■ DATA FOR THE TASK:
· · · · · · ·
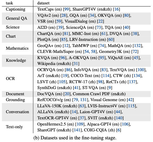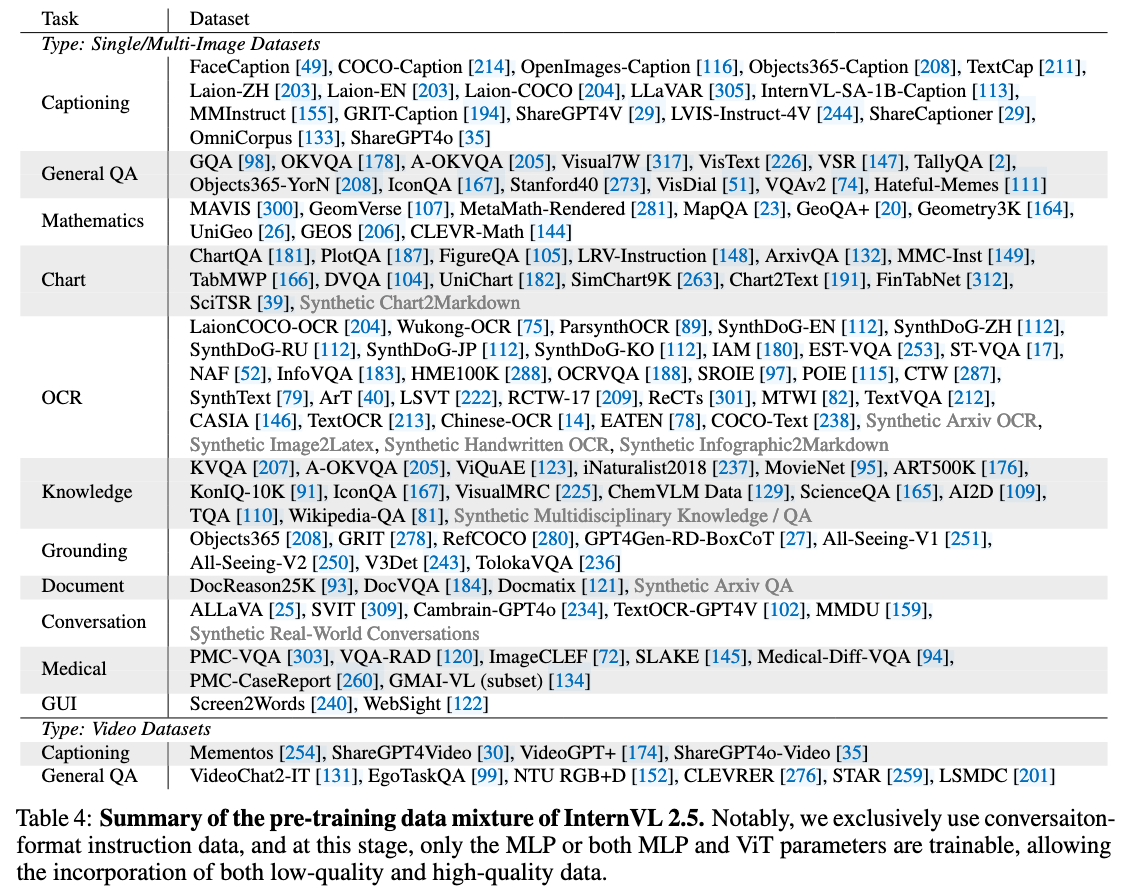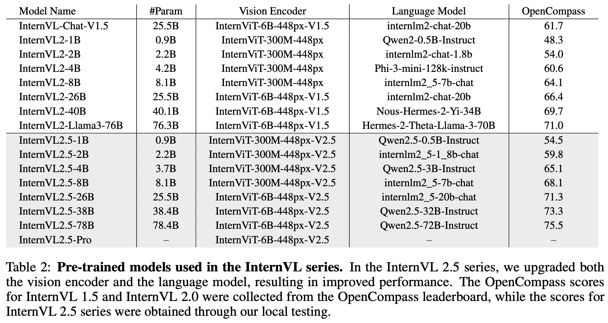 下面是不同尺寸模型的训练细节,上面作者强调说 ViT 的增量训练的过程中,即使在小的 LLM(20B)上训练,也能够很好的迁移到 72B 上(我确实不太明白为什么作者一直强调这个,从 InternVL 之前版本就开始强调了。。。)然后作者说使用的训练 Tokens 比 Qwen2-VL 少很多,Qwen2-VL 用了 1.4T Tokens
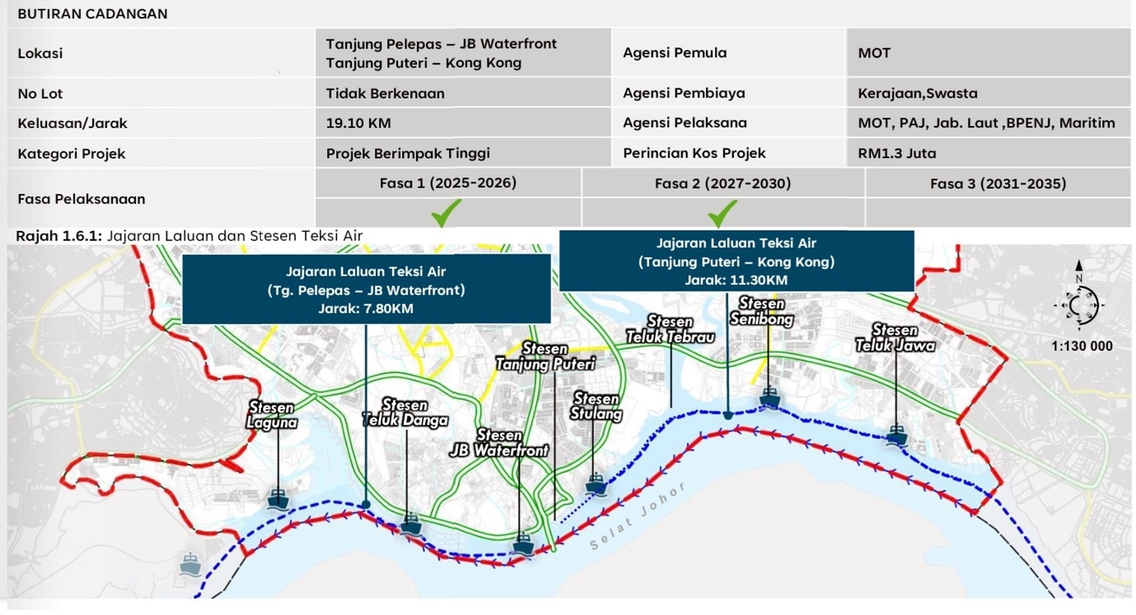 建议地点从丹绒柏勒峇斯(PTP)延伸至贡贡(Kong Kong),全长19.10公里,设有Laguna、金海湾、新山水上浮城、士都兰、地不佬湾、诗尼邦和直落爪哇站。
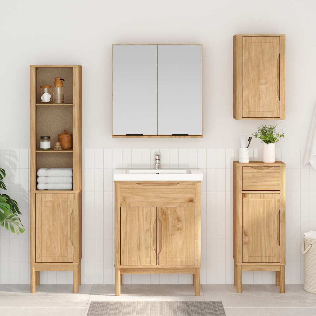 Ez a modern fürdőszobai mosdókagyló szekrény feldobja a fürdőszobád, stílusos és kortárs dizájnja miatt. Kifejezetten úgy lett tervezve, hogy illeszkedjen a különböző belső stílusokhoz, téglalap alakja és egyszerűsége jól működik kicsi és nagyobb fürdőszobákban egyaránt, biztosítva az alapvető tárolást anélkül, hogy sok helyet foglalna el. A természetes fenyőmelegséget és eleganciát ad bármely fürdőszobához, stílusos középpontként szolgál a napi rutinodhoz.
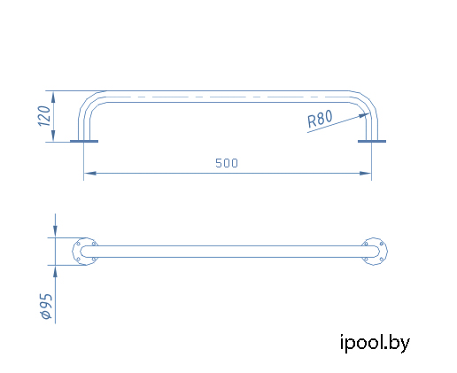 Монолитный фланцевый поручень, изготовленный из полированной нержавеющей стали марки AISI-304, обеспечивающей превосходную сопротивляемость коррозии и позволяющей поручню долгое время оставаться в первозданном виде.
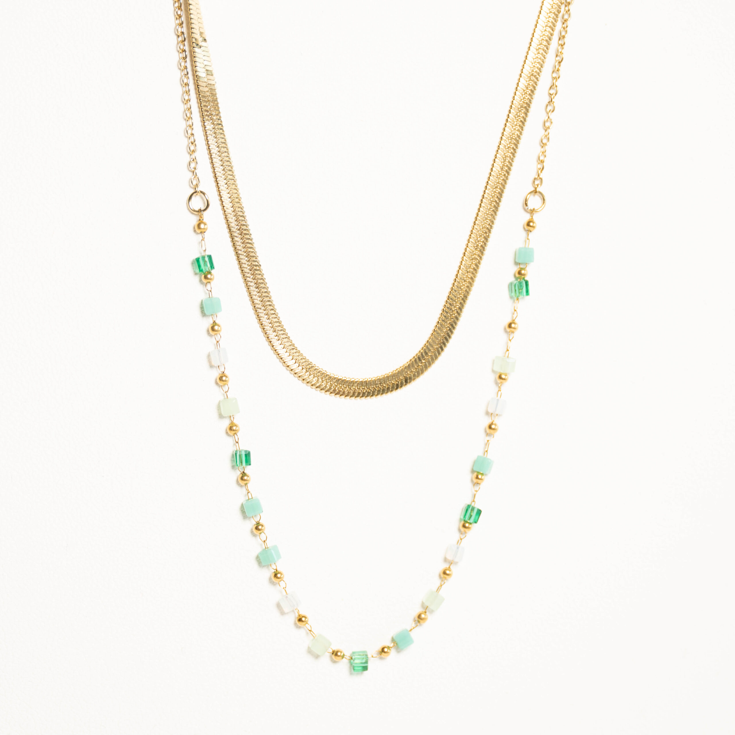 Podwójny łańcuszek ze żmijką i kolorowymi koralikami – kolor złoty
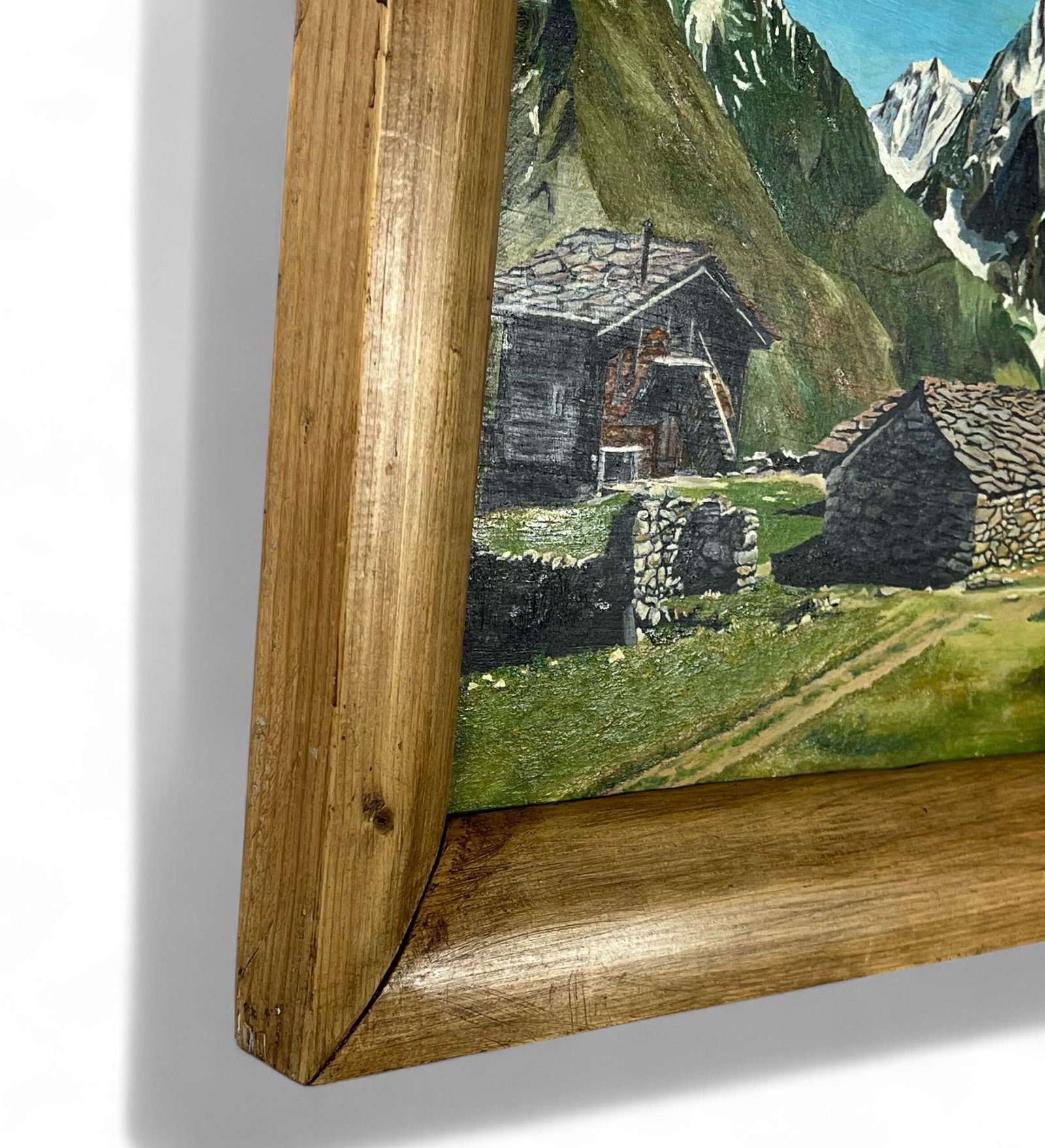 Huile sur bois représentant des chalets alpins dans un décor de haute montagne.
· · · · · · ·
■ TASK ITEM: Copy word for word only the lines above from the one with "建议地点从丹绒柏勒峇斯(PT" through the one with "Podwójny łańcuszek ze". Leave pictures out.

■ TASK RESULT:
 建议地点从丹绒柏勒峇斯(PTP)延伸至贡贡(Kong Kong),全长19.10公里,设有Laguna、金海湾、新山水上浮城、士都兰、地不佬湾、诗尼邦和直落爪哇站。
 Ez a modern fürdőszobai mosdókagyló szekrény feldobja a fürdőszobád, stílusos és kortárs dizájnja miatt. Kifejezetten úgy lett tervezve, hogy illeszkedjen a különböző belső stílusokhoz, téglalap alakja és egyszerűsége jól működik kicsi és nagyobb fürdőszobákban egyaránt, biztosítva az alapvető tárolást anélkül, hogy sok helyet foglalna el. A természetes fenyőmelegséget és eleganciát ad bármely fürdőszobához, stílusos középpontként szolgál a napi rutinodhoz.
 Монолитный фланцевый поручень, изготовленный из полированной нержавеющей стали марки AISI-304, обеспечивающей превосходную сопротивляемость коррозии и позволяющей поручню долгое время оставаться в первозданном виде.
 Podwójny łańcuszek ze żmijką i kolorowymi koralikami – kolor złoty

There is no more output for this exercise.